• Task description:
Without including the images, transcribe each record precisely as it appears below.

[Excerpts from a dataset]
+ + +
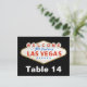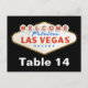 Las Vegas sign destination wedding table number postcard, featuring the famous neon sign and the text “Welcome to Fabulous Las Vegas, Nevada”, sometimes adjusted to suit wedding needs. Some elements courtesy of anasofiapaixao.
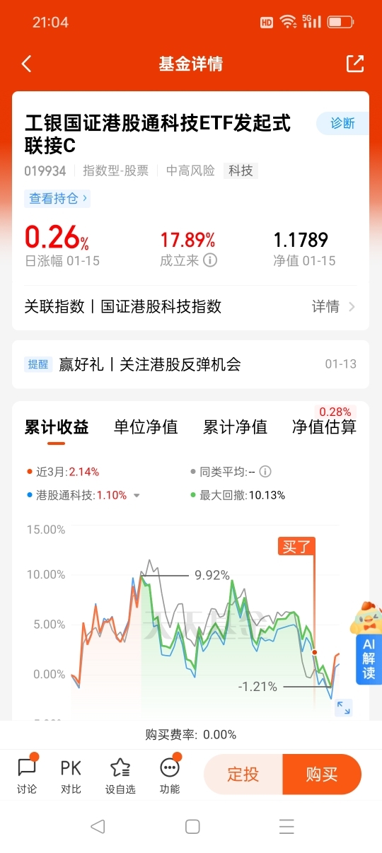 我看好港股反弹机会,今天继续反弹。我从上周二开始定投的$工银国证港股通科技ETF
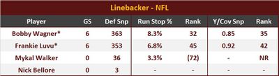 Wagner ranks above average among 79 LBs in run defense, and was also above average of 85 LBs in pass coverage.
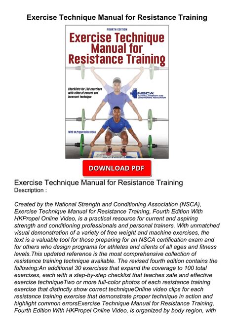 Free PDF PDF Exercise Technique Manual for Resistance Training 2nd Kindle Editon Gutenberg
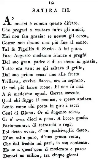 "Le e sátira l'epístola di Orazio Flacco Q.", impressa em 1814.
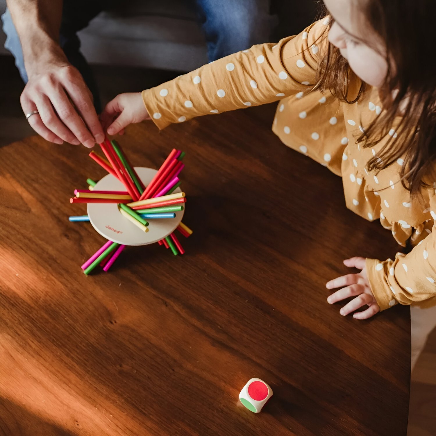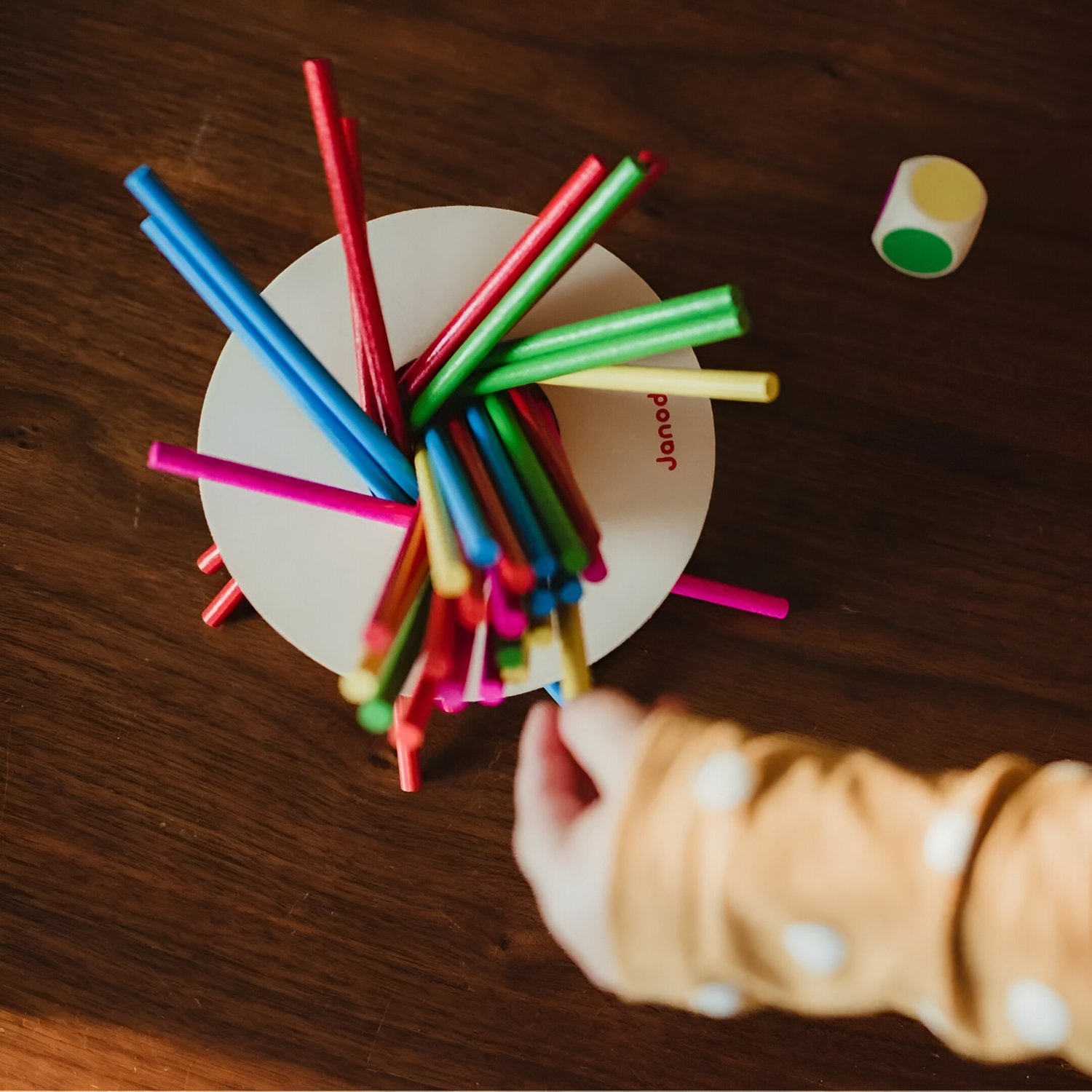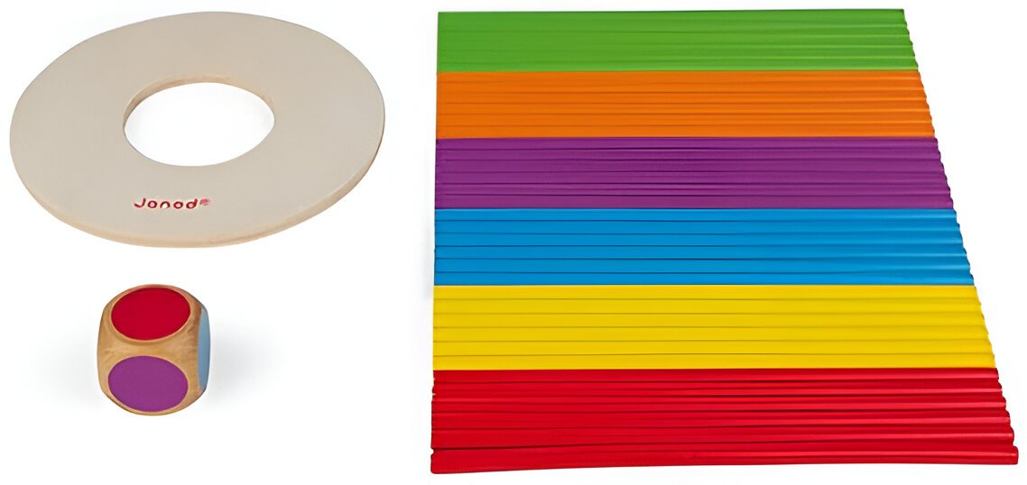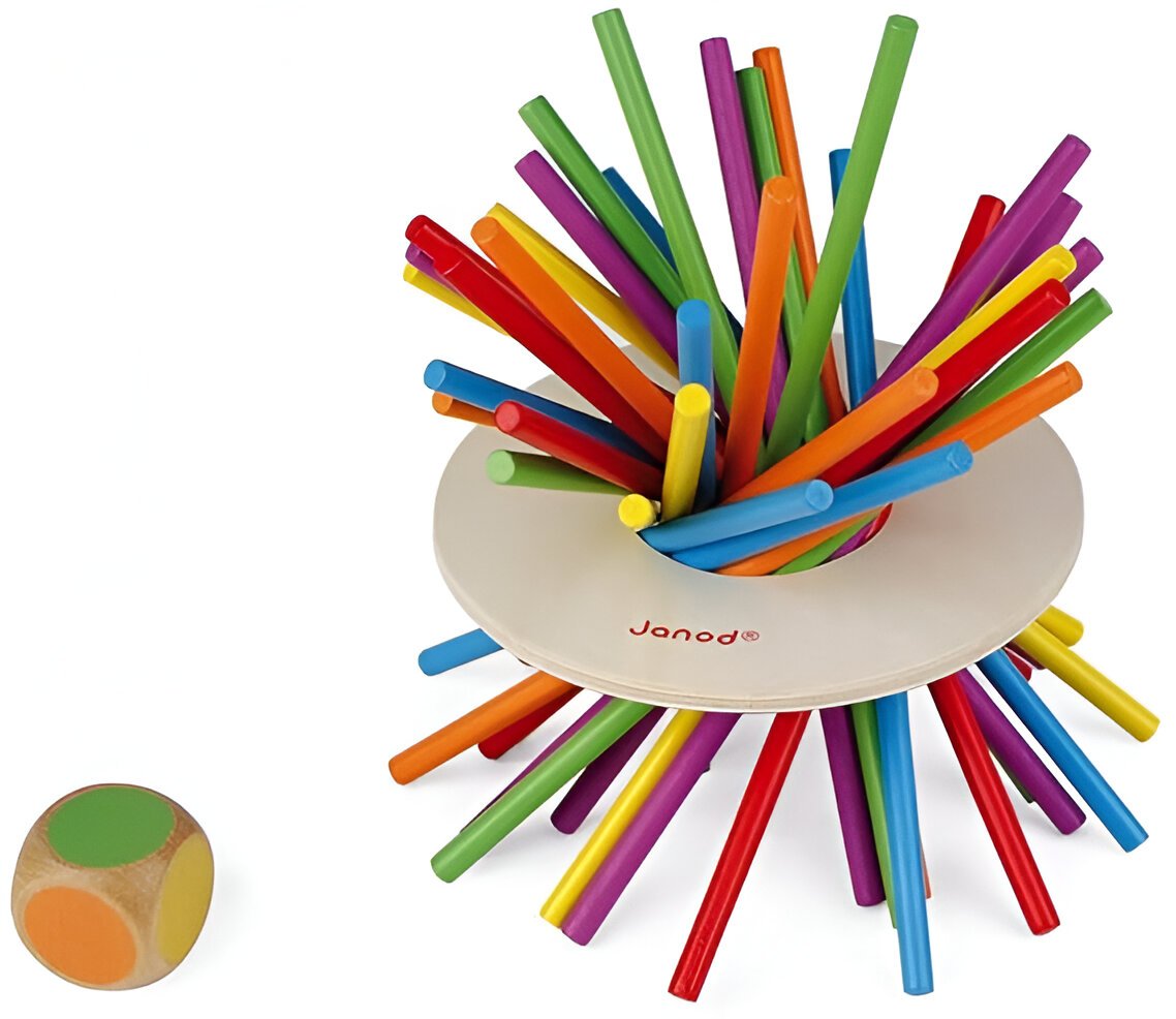 Equilíbrio, estratégia e diversão com o Jogo Pega Varetas de Madeira da Janod! Um desafio emocionante para crianças e toda a família, onde cada movimento conta. Role o dado, retire a vareta certa e mantenha o disco suspenso. Um jogo clássico reinventado com charme e qualidade!
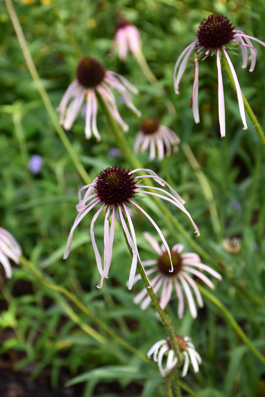 This variety features long, narrow, drooping purple-pink petals that fade to white, with coppery-orange center cones; stems and seed heads will remain erect and feed the birds in winter; use in naturalized areas
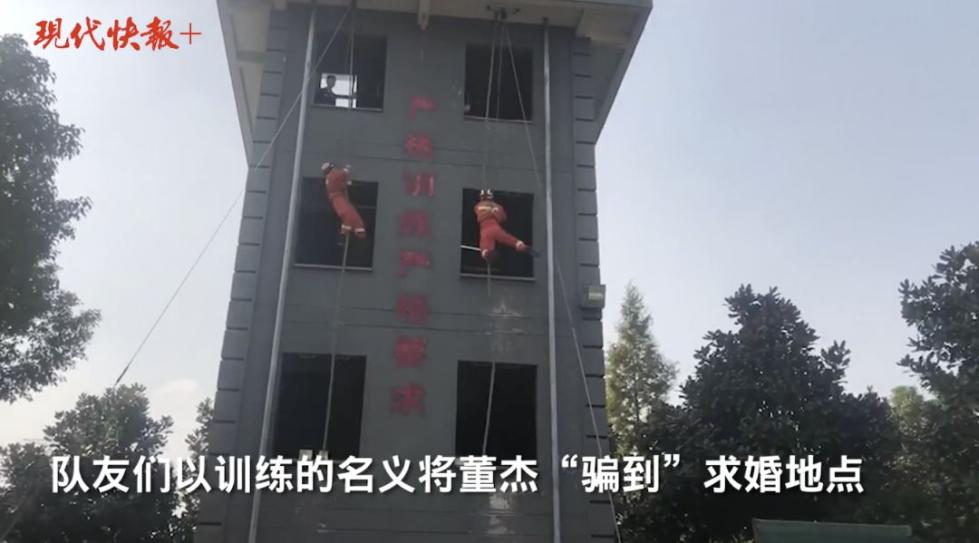 战友早有准备,将董杰放在宿舍的钻戒拿到了操场上,绑在了无人机上。载着钻戒的无人机升空,飞到了训练塔4楼窗口。在战友的提醒下,董杰取下戒指半跪在女友跟前,一直说:“我都蒙了!准备的台词一句都不记得了!”
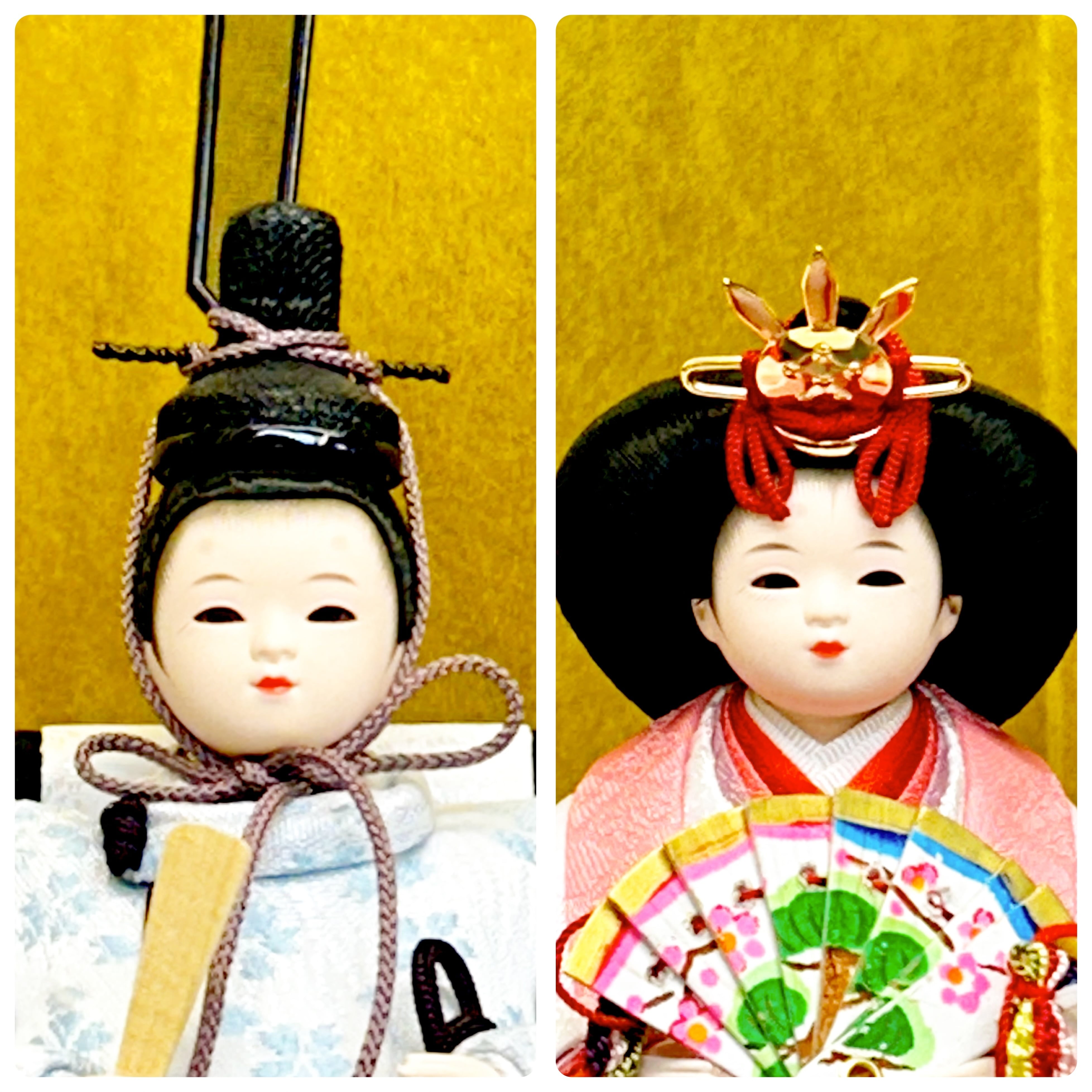 色違いのお着物をお召しになられたお雛様。
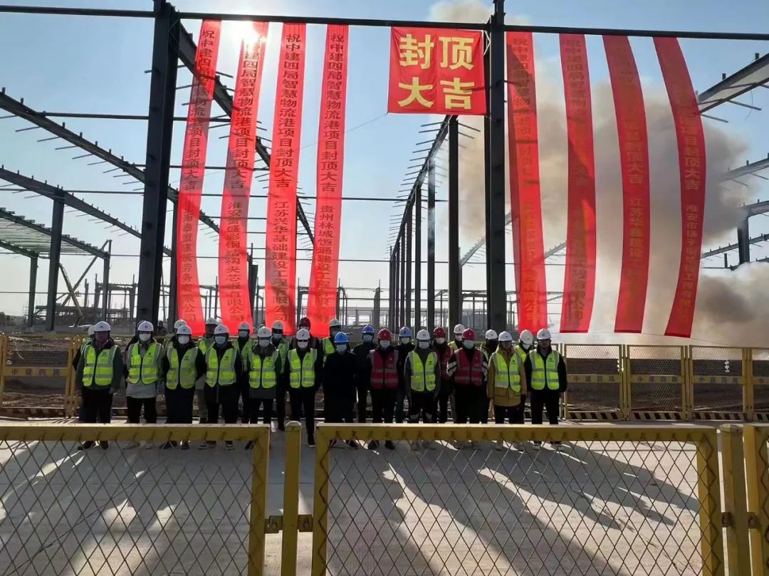 12月29日,由淮安市揚(yáng)子鋼結(jié)構(gòu)工程有限公司(以下簡(jiǎn)稱“揚(yáng)子鋼構(gòu)”)承建的淮安智慧物流港項(xiàng)目鋼結(jié)構(gòu)工程在此起彼伏、震耳欲聾的鞭炮聲中,順利完成最后一根鋼梁的安裝,標(biāo)志著智慧物流港項(xiàng)目鋼結(jié)構(gòu)工程正式封頂。
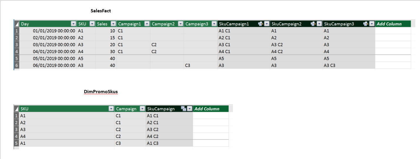 因此,基本上,DimPromoSkus表的目标是指示产品是在C1、C2还是C3中。例如,活动C1发生在2019/1/2019至4/1/2019天之间,但只有SKUS、A1和A2在促销上出售。A2和A3不做广告,但在竞选C1期间出售。
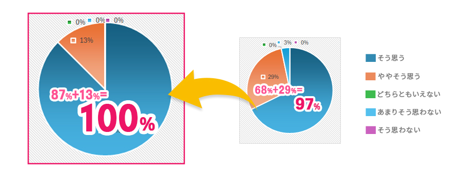 ⇒「そう思う」「ややそう思う」と回答した割合が 100%になりました。
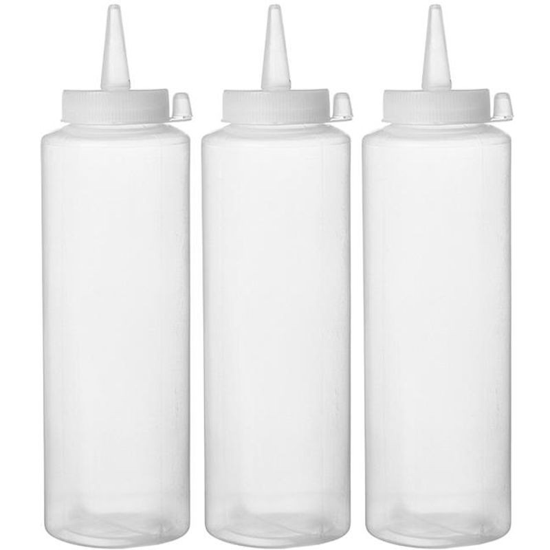 Dávkovač na studené omáčky - 3 kusy, 0,2 l, Priehľadná. Vyrobené z polyetylénu. Uzáver zaisťuje, že omáčka zostane svieža a hygiena zostane zachovaná.
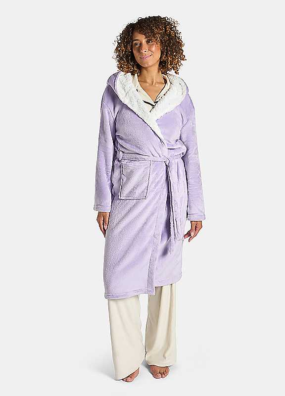 OHS Flannel Fleece Hooded Dressing Gown - Sherpa Bathrobe - Lilac - Size ONE SIZE
+ + +
• Final answer:
 Las Vegas sign destination wedding table number postcard, featuring the famous neon sign and the text “Welcome to Fabulous Las Vegas, Nevada”, sometimes adjusted to suit wedding needs. Some elements courtesy of anasofiapaixao.
 我看好港股反弹机会,今天继续反弹。我从上周二开始定投的$工银国证港股通科技ETF
 Wagner ranks above average among 79 LBs in run defense, and was also above average of 85 LBs in pass coverage.
 Free PDF PDF Exercise Technique Manual for Resistance Training 2nd Kindle Editon Gutenberg
 "Le e sátira l'epístola di Orazio Flacco Q.", impressa em 1814.
 Equilíbrio, estratégia e diversão com o Jogo Pega Varetas de Madeira da Janod! Um desafio emocionante para crianças e toda a família, onde cada movimento conta. Role o dado, retire a vareta certa e mantenha o disco suspenso. Um jogo clássico reinventado com charme e qualidade!
 This variety features long, narrow, drooping purple-pink petals that fade to white, with coppery-orange center cones; stems and seed heads will remain erect and feed the birds in winter; use in naturalized areas
 战友早有准备,将董杰放在宿舍的钻戒拿到了操场上,绑在了无人机上。载着钻戒的无人机升空,飞到了训练塔4楼窗口。在战友的提醒下,董杰取下戒指半跪在女友跟前,一直说:“我都蒙了!准备的台词一句都不记得了!”
 色違いのお着物をお召しになられたお雛様。
 12月29日,由淮安市揚(yáng)子鋼結(jié)構(gòu)工程有限公司(以下簡(jiǎn)稱“揚(yáng)子鋼構(gòu)”)承建的淮安智慧物流港項(xiàng)目鋼結(jié)構(gòu)工程在此起彼伏、震耳欲聾的鞭炮聲中,順利完成最后一根鋼梁的安裝,標(biāo)志著智慧物流港項(xiàng)目鋼結(jié)構(gòu)工程正式封頂。
 因此,基本上,DimPromoSkus表的目标是指示产品是在C1、C2还是C3中。例如,活动C1发生在2019/1/2019至4/1/2019天之间,但只有SKUS、A1和A2在促销上出售。A2和A3不做广告,但在竞选C1期间出售。
 ⇒「そう思う」「ややそう思う」と回答した割合が 100%になりました。
 Dávkovač na studené omáčky - 3 kusy, 0,2 l, Priehľadná. Vyrobené z polyetylénu. Uzáver zaisťuje, že omáčka zostane svieža a hygiena zostane zachovaná.
 OHS Flannel Fleece Hooded Dressing Gown - Sherpa Bathrobe - Lilac - Size ONE SIZE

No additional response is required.